The listing below holds pictures; exclude them. Return exactly the lines from the one with "首先,在认识濒危动物环节由高" through the one with "(서울=연합뉴스) 하남직 기자".

## Excerpted data
□ □ □ □ □ □ □

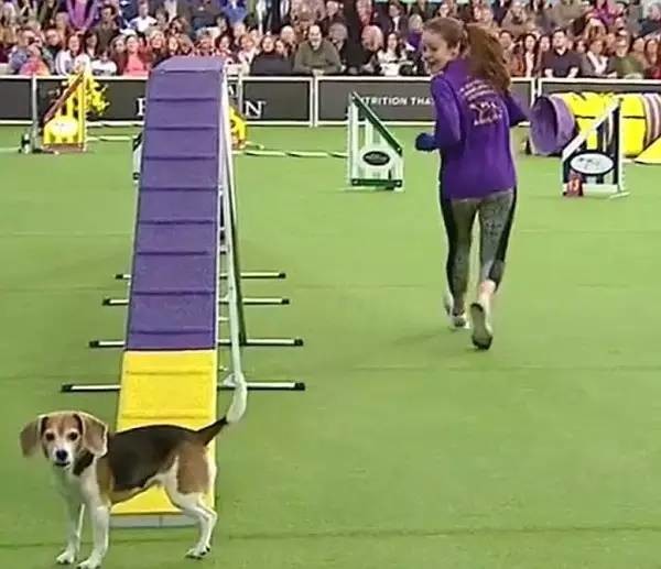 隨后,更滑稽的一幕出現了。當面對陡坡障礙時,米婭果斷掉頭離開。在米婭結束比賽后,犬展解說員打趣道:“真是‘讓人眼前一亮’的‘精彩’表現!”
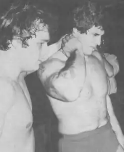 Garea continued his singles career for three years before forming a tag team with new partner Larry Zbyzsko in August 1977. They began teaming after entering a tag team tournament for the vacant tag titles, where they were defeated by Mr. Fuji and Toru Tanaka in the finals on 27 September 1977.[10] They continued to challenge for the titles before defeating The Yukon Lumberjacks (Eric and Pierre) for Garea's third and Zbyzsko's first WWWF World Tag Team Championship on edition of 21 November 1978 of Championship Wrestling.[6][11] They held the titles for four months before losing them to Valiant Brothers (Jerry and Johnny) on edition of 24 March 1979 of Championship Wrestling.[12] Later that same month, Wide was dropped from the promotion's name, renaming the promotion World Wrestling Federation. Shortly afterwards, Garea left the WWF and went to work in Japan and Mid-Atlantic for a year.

□ □ □ □ □ □ □

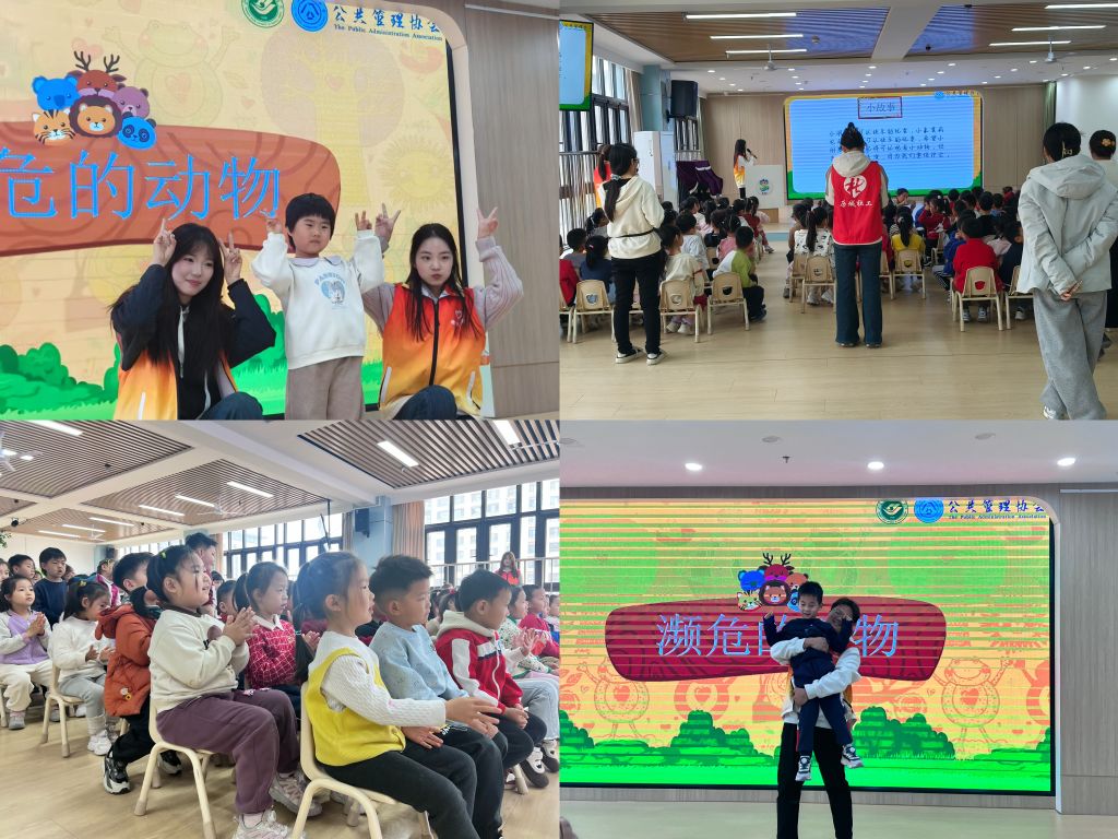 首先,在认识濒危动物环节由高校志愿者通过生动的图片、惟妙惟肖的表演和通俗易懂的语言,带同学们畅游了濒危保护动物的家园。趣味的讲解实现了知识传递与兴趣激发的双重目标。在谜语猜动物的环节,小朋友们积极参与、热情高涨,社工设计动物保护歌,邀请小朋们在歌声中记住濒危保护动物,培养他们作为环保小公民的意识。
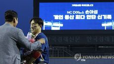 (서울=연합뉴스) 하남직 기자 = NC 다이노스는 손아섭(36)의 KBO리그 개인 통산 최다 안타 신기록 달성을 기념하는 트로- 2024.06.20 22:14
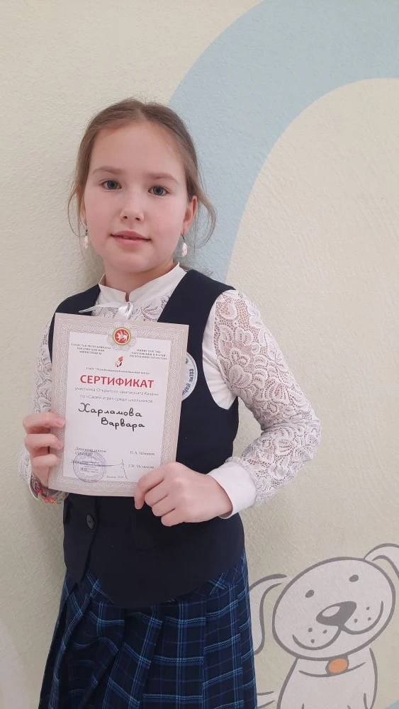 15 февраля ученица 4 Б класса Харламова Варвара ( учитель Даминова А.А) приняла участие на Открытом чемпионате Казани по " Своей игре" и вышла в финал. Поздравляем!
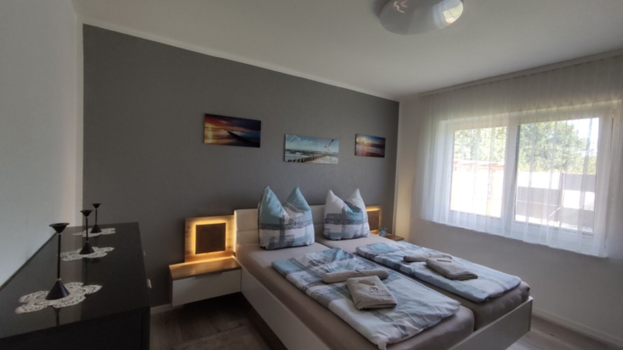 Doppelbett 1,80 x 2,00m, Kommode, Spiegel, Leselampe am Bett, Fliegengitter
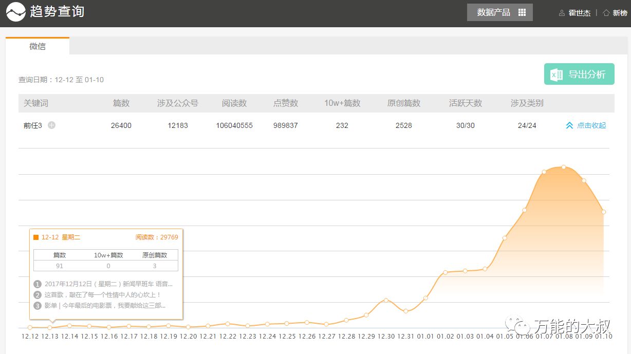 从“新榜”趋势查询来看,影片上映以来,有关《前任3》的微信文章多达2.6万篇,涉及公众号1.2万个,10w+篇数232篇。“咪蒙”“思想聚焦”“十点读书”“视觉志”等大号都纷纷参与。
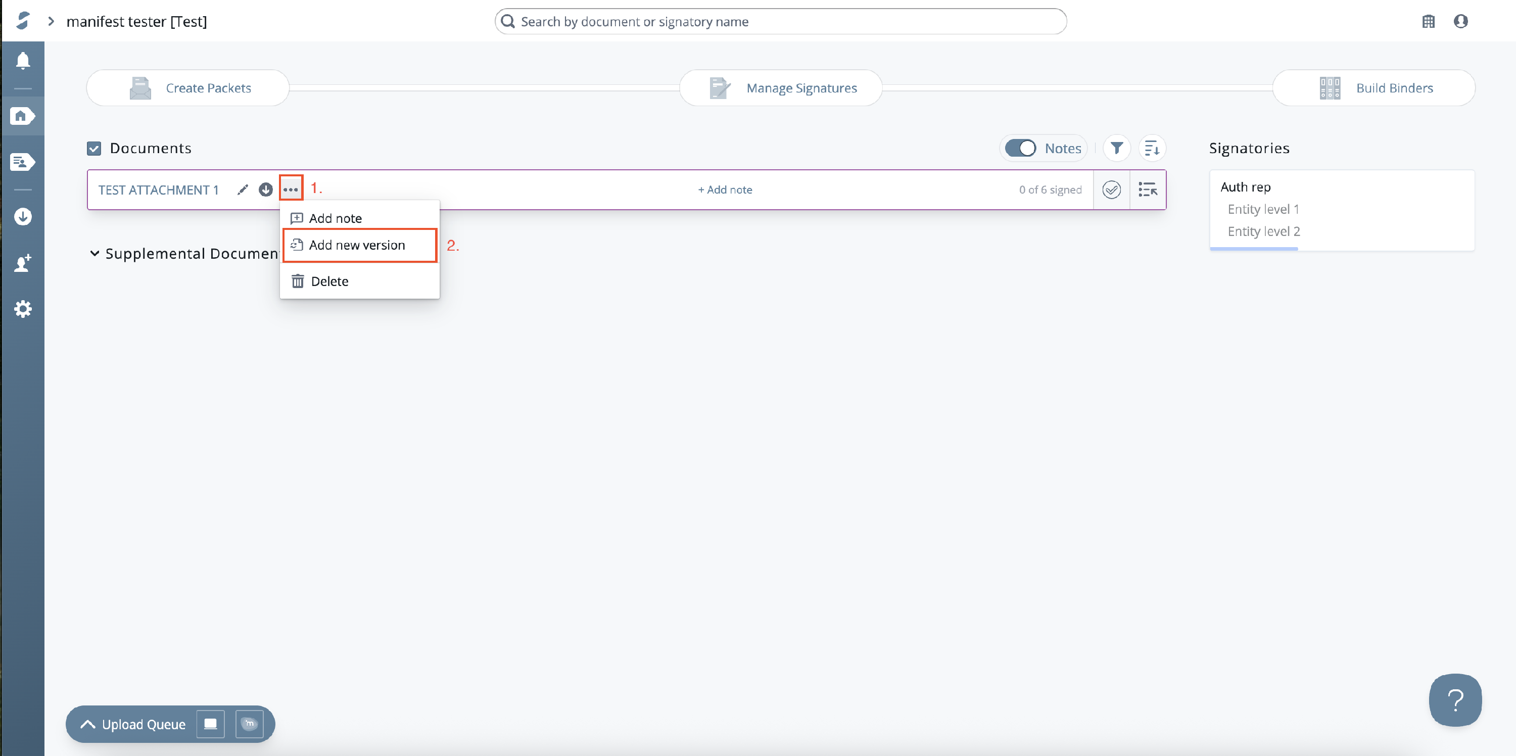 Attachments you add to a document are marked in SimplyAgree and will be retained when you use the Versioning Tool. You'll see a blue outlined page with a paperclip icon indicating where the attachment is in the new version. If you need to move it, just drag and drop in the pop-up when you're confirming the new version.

□ □ □ □ □ □ □

## Answer to this task
 首先,在认识濒危动物环节由高校志愿者通过生动的图片、惟妙惟肖的表演和通俗易懂的语言,带同学们畅游了濒危保护动物的家园。趣味的讲解实现了知识传递与兴趣激发的双重目标。在谜语猜动物的环节,小朋友们积极参与、热情高涨,社工设计动物保护歌,邀请小朋们在歌声中记住濒危保护动物,培养他们作为环保小公民的意识。
 (서울=연합뉴스) 하남직 기자 = NC 다이노스는 손아섭(36)의 KBO리그 개인 통산 최다 안타 신기록 달성을 기념하는 트로- 2024.06.20 22:14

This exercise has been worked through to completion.